Family doctors' views on assisted dying are shifting

A new survey of Canadian family doctors is the latest sign that physicians' attitudes on assisted dying are undergoing a sea change.

This year, the College of Family Physicians of Canada polled its membership on a number of issues related to end-of-life choice. The results of the survey suggest that Canada’s medical community, which has historically been cool to the idea of assisted death, has begun to embrace physician assisted dying as a viable, compassionate treatment for patients facing intolerable, incurable suffering.

When asked whether they support the Supreme Court of Canada’s decision to decriminalize medically assisted death, 58 per cent of the respondents said yes, while another 13 per cent said they didn’t know enough about the judgment to give an informed answer. One third said they did not agree with the Supreme Court’s decision.

Compare these numbers with a 2014 poll by the Canadian Medical Association, which found that only about 45 per cent of its membership was in favour of legalizing physician assisted death.
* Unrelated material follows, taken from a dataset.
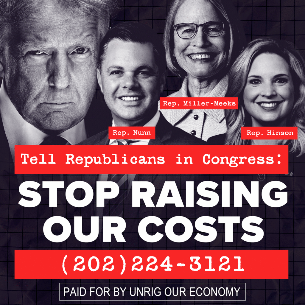 “Today’s event featuring President Trump and Representatives Miller-Meeks, Nunn, and Hinson is a charade to distract from the higher costs they have inflicted on Iowans,” said Unrig Our Economy Campaign Director Leor Tal. “From voting to cut Medicaid and SNAP to ending vital health care tax credits to implementing cost-raising tariffs, President Trump and Republicans in Congress have spent the past year raising costs on working families, while giving tax breaks to millionaires and billionaires. We’re circling this event with this mobile billboard to show President Trump and Republicans in Congress like Miller-Meeks, Nunn, and Hinson that they can neither run nor hide from their record of consistently putting the wants of the ultra-rich over the need of working families.”

The CFDC survey also asked whether doctors “competent, consenting dying patient end his/her own life if requested. Fifty-three per cent said they would assist “if appropriate and rigorous checks and balances are in place, and another 12 per cent responded “Yes, it’s the patient’s choice.” One third said they would not participate under any circumstances.

The sample size of survey is small. Only 372 doctors filled out the online survey, so the results aren’t necessarily representative of the College’s 30,000-plus members. However, these numbers, and the Canadian Medical Association’s recent about-face on assisted dying, suggest that a meaningful paradigm shift is well underway.